=== Exercise ===
Your copy of the entries below should hold exactly the lines from the one containing "L'Abeille Languedoc a" to the one containing "slider vibration issues).", inclusive, and no pictures.

=== Dataset extract ===
Start of Block
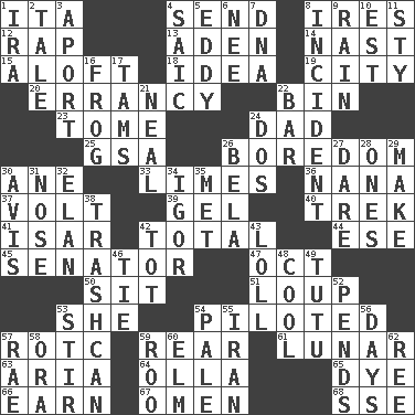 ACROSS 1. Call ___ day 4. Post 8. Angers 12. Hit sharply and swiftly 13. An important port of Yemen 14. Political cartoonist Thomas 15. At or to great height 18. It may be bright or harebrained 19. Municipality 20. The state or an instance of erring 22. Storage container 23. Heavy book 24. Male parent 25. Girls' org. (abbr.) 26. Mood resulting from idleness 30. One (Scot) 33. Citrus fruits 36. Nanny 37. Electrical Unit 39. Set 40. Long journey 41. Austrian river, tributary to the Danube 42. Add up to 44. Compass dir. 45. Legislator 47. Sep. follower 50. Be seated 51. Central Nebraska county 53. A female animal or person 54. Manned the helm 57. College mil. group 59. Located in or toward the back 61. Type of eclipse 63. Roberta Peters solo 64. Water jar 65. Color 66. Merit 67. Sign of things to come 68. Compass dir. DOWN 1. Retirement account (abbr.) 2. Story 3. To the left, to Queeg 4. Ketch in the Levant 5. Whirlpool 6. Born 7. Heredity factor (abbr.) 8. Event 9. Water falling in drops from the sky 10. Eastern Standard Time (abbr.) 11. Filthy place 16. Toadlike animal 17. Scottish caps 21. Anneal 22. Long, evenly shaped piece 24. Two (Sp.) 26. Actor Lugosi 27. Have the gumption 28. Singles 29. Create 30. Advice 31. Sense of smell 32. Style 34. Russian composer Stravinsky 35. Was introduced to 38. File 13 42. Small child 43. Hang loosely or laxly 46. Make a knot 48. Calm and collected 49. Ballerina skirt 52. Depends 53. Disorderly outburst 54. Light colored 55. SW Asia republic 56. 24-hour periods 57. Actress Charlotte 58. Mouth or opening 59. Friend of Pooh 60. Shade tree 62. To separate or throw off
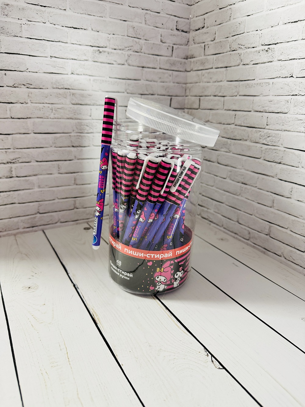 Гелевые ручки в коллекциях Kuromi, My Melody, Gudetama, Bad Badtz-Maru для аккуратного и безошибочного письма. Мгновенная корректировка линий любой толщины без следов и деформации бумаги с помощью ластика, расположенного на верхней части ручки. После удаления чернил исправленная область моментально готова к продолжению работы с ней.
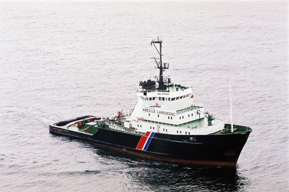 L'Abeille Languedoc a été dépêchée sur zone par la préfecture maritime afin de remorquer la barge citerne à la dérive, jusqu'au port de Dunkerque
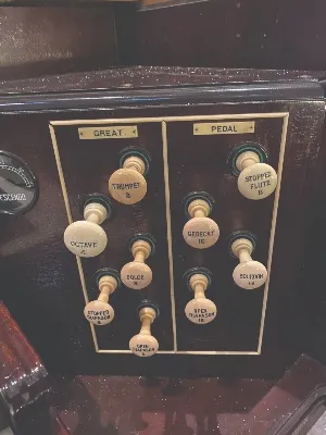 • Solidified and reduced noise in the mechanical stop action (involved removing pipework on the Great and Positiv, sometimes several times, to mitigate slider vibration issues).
End of Block
Start of Block
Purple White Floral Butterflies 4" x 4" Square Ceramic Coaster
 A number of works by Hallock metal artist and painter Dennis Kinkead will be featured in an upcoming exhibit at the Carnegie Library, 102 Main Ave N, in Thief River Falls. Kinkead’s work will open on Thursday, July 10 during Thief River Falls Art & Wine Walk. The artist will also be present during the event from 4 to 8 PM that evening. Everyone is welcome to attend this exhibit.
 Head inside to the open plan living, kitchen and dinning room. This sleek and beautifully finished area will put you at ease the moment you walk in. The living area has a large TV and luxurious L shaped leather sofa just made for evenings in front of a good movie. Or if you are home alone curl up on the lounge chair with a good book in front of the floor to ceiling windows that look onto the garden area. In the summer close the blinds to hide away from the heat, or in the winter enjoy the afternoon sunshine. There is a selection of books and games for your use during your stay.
End of Block
Start of Block
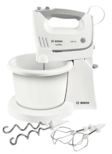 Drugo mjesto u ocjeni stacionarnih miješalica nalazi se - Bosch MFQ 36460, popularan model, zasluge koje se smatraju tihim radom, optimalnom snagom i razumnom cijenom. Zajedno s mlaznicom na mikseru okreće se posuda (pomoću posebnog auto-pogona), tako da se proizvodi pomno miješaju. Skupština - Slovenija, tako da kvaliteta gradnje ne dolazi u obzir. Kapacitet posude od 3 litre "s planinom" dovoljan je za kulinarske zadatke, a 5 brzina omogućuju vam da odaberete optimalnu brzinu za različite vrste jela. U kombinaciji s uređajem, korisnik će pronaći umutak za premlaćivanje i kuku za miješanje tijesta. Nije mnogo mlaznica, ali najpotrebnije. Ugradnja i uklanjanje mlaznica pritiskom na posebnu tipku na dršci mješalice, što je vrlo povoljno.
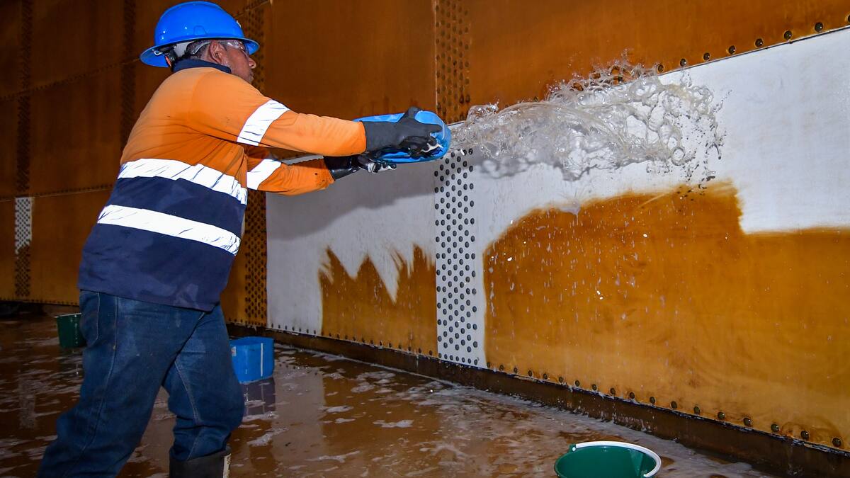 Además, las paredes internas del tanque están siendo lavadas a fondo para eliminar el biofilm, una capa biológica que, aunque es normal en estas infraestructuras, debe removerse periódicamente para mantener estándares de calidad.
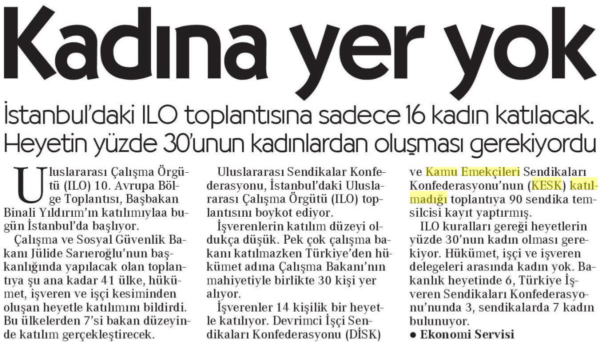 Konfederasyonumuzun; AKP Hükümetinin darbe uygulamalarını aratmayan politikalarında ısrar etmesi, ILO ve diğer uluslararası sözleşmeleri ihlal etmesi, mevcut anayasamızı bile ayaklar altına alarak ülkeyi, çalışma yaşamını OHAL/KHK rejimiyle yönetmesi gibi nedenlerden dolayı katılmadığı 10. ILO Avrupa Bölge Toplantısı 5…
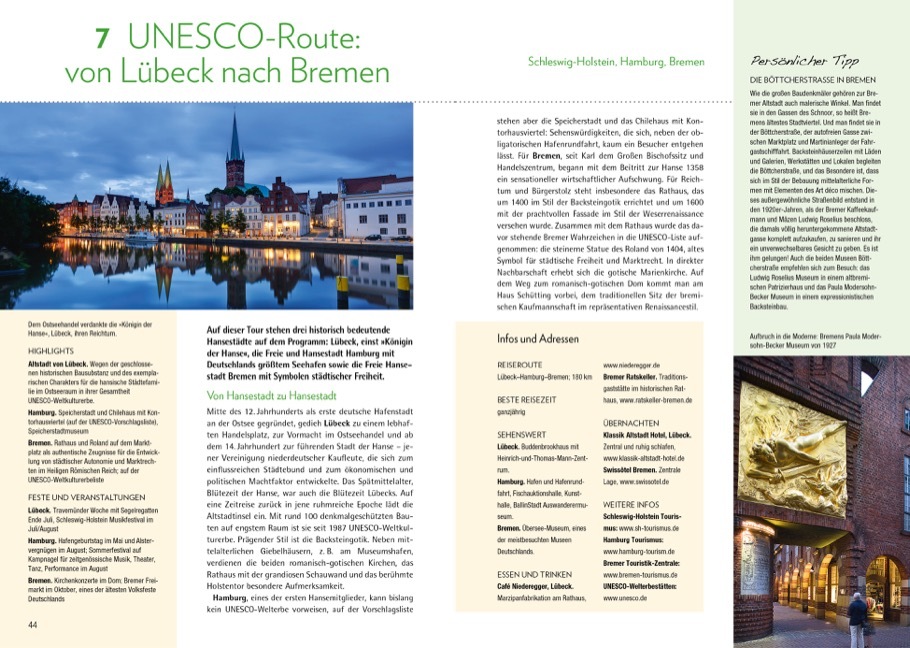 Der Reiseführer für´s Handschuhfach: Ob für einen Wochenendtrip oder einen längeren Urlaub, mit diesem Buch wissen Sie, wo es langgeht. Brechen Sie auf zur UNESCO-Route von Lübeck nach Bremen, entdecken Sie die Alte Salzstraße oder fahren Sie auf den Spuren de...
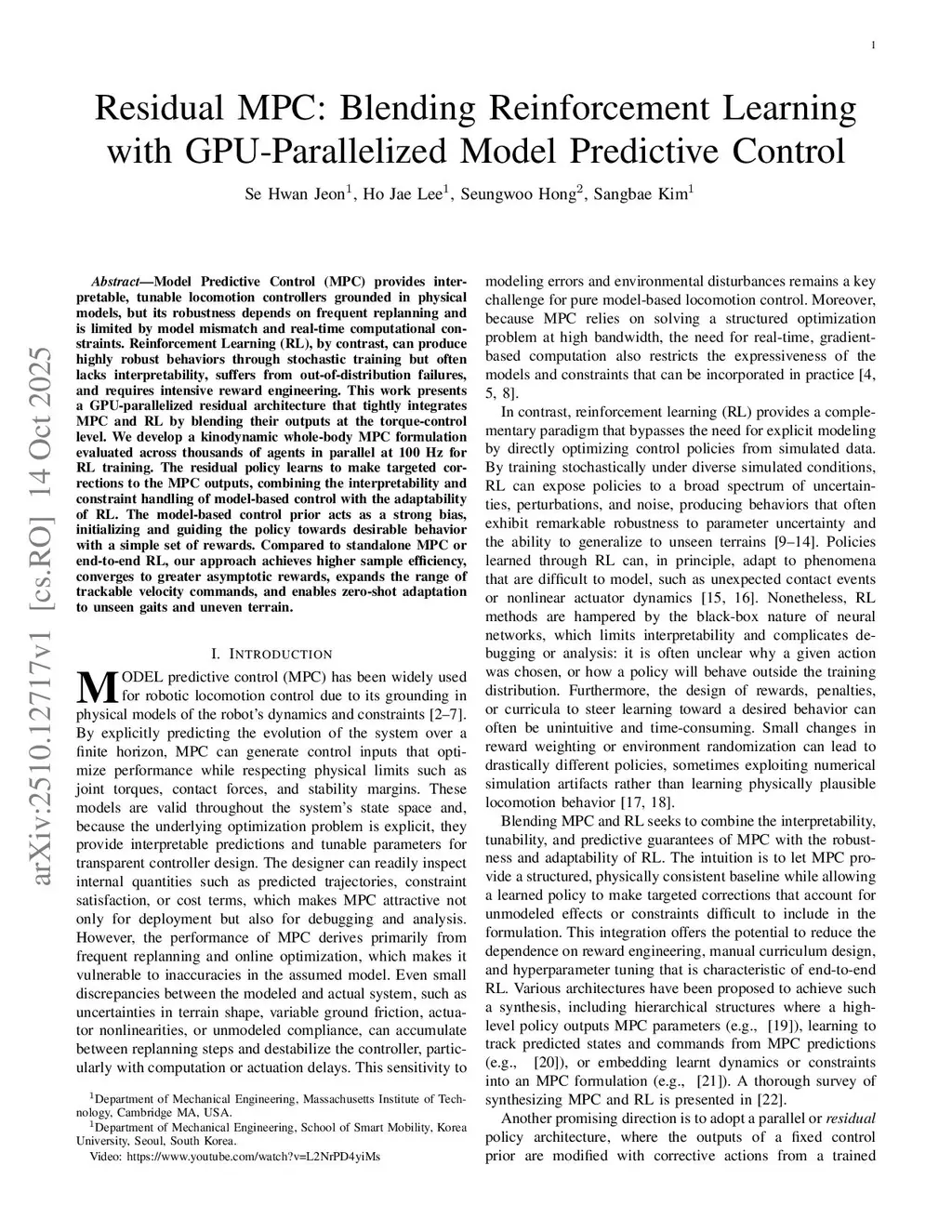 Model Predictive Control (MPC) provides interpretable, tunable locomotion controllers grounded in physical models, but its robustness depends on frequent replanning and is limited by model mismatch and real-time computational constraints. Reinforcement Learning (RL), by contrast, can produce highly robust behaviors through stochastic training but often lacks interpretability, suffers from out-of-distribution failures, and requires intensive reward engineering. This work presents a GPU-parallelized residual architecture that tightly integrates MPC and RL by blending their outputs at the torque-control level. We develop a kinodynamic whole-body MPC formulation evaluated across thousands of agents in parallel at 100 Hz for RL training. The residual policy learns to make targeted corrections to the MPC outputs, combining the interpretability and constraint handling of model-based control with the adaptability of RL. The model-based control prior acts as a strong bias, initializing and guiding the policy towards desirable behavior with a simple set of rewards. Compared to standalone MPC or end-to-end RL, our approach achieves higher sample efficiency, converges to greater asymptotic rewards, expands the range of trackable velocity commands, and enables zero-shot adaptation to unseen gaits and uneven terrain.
End of Block
=== Written reply ===
 L'Abeille Languedoc a été dépêchée sur zone par la préfecture maritime afin de remorquer la barge citerne à la dérive, jusqu'au port de Dunkerque
 • Solidified and reduced noise in the mechanical stop action (involved removing pipework on the Great and Positiv, sometimes several times, to mitigate slider vibration issues).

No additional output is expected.